Summary generated with perplexity AI:    
https://www.perplexity.ai/search/you-are-a-teacher-in-grad-leve-vrp1AdYmQl6NaeCh7428Eg#0

#### Overview of TensorFlow
TensorFlow is an open-source library developed by Google for numerical computation and large-scale machine learning, particularly deep learning applications. It allows developers to build and train models using a comprehensive ecosystem of tools and libraries. TensorFlow supports various machine learning tasks, including image recognition, natural language processing, and more, by utilizing dataflow graphs where nodes represent mathematical operations and edges represent multidimensional data arrays called tensors136.

#### Key Features of TensorFlow
* Dataflow Graphs: TensorFlow uses dataflow graphs to represent computations. This allows for efficient execution across different hardware platforms, including CPUs, GPUs, and TPUs34.
* High-Level APIs: TensorFlow provides high-level APIs that simplify model building and training, making it accessible even to those not deeply familiar with the underlying algorithms14.
* Cross-Platform Support: Models built with TensorFlow can be deployed on various platforms such as desktops, mobile devices, and cloud environments46.
* Abstraction: The library abstracts complex operations, allowing developers to focus on the logic of their applications without delving into the intricacies of algorithm implementation3.

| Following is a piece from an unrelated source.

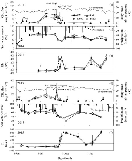 The CH4 flux in the fallow season was lower than 0.2 mg C m−2 hr−1 (Figure S1). In the growing season, CH4 flux increased, especially in the early part of the season, in all treatments (Figure 1a,d). After mid-season drainage, CH4 flux was low towards the end of the growing season. In the first year, CH4 flux decreased and Eh increased faster in PM and PMG than in CM and CMG (Figure 1a,c). In the second year, CH4 flux in all treatment increased just after the starting MD (Figure 1d,f). The variation between treatments in soil water content was greater in the early growing season, decreased during mid-season drainage, and increased after that (Figure 1e,a).
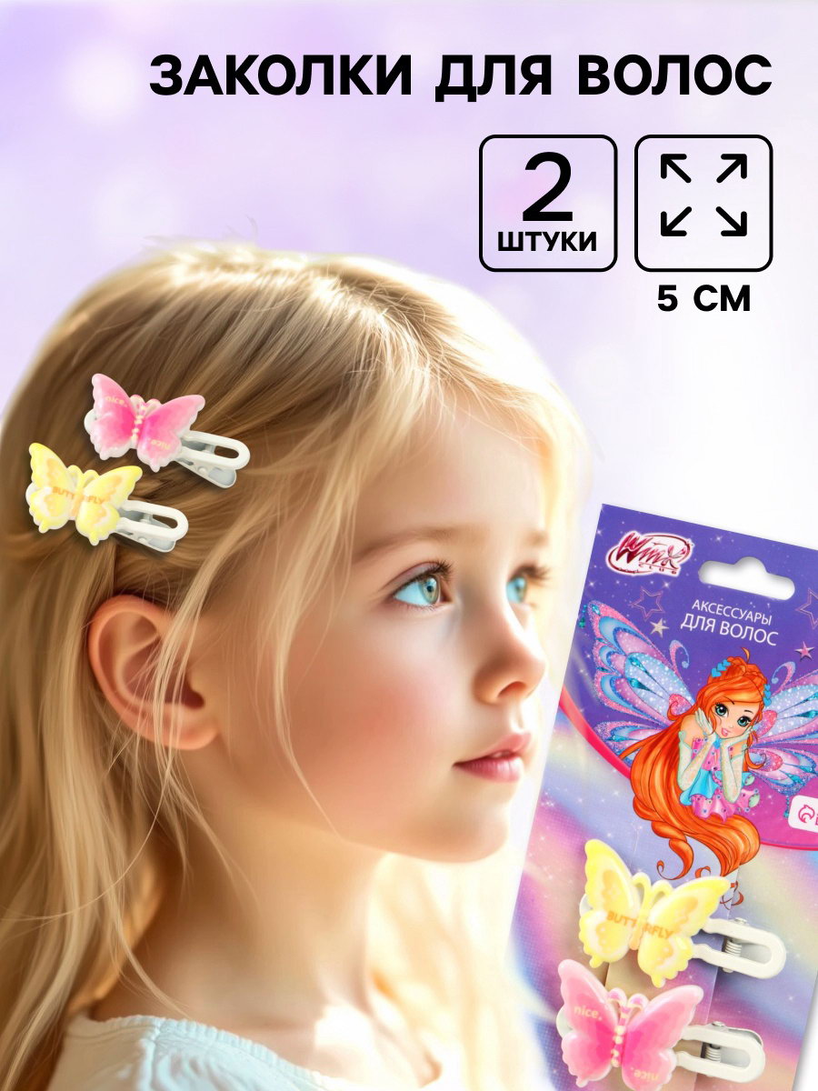 Заколка для волос "Бабочки" 2 шт., Винкс, 7x15x1 см., WINX, Китай

##### Applications in Bioinformatics
TensorFlow's capabilities are particularly useful in bioinformatics for handling large datasets and complex models. Here are some ways it is applied in this field:
* Genomic Data Analysis: TensorFlow can process large genomic datasets to identify patterns and make predictions about genetic traits or disease predispositions.
* Protein Structure Prediction: Deep learning models built with TensorFlow can predict protein structures based on amino acid sequences, aiding in drug discovery and development.
* Medical Imaging: TensorFlow's image recognition capabilities are leveraged for analyzing medical images such as MRI or CT scans to detect anomalies or diseases.
* Natural Language Processing (NLP): In bioinformatics, NLP models can process scientific literature or patient records to extract meaningful information for research or clinical decision-making.

#### Advantages for Bioinformatics
* Scalability: TensorFlow's ability to handle large-scale computations makes it ideal for bioinformatics tasks that require processing vast amounts of biological data16.
* Flexibility: The library's support for various machine learning models allows researchers to experiment with different approaches to solve bioinformatics problems.
* Community and Resources: Being widely used, TensorFlow has a strong community and a wealth of resources that can aid bioinformaticians in developing robust solutions3.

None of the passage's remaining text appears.